Once we’d left the distillery, it was on to the bar, where I sampled three different variants of Bénédictine. The original Bénédictine is the sweetest, next is B&B Brandy, devised in 1937 – this is a little dryer but is still the original 40%. Finally, there was the B&B Gold Stamp – it’s much more oaky in flavour after being aged six years longer in smaller, younger casks. Sold only at the boutique in Fécamp, it’s much more exclusive. All three variants were deliciously herbal and incredibly Christmassy.

With that in mind, a few months later, back in London with Christmas fast approaching, I received a call from Caroline, Marketing Director for Bénédictine in the UK. Caroline was keen to take me to a French restaurant near Hyde Park which served fabulous food and drink, and most importantly, Bénédictine cocktails!

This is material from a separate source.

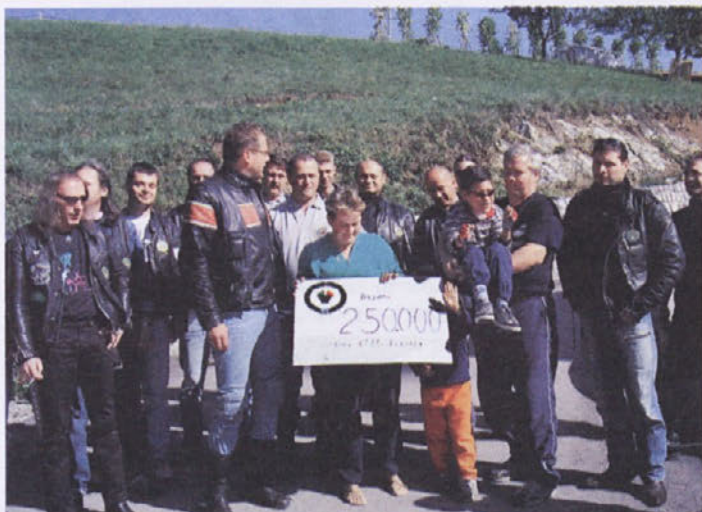
Motoristi: "Ček za 250 tisoč tolarjev."

In the name of research, I headed down to Angelus (nearest tube station Lancaster Gate) to see what all the excitement was about. I joined Caroline at the bar, where a rather delicious Bénédictine Sours, complete with glacé cherries, was being prepared by the bartender and cocktail connoisseur, Christophe.

I had never tasted anything like it! Lemon and lime juice, mixed with a couple of drops of angostura bitters, a drop of syrup to offset the bitterness, followed by three shots of Bénédictine and one shot of Maker’s Mark bourbon. The result was an incredibly tasty, thirst-quenching drink that was neither too sweet nor too sour, but just right. Best of all, it was perfect for the festive season. I jotted the recipe down and made a mental note to try it at home, adding an optional egg white before shaking it all up.

So, if you fancy a fabulously festive Bénédictine cocktail this Christmas period and can’t make it over to Fécamp, never fear, you can also savour the delights of Bénédictine right here in the UK!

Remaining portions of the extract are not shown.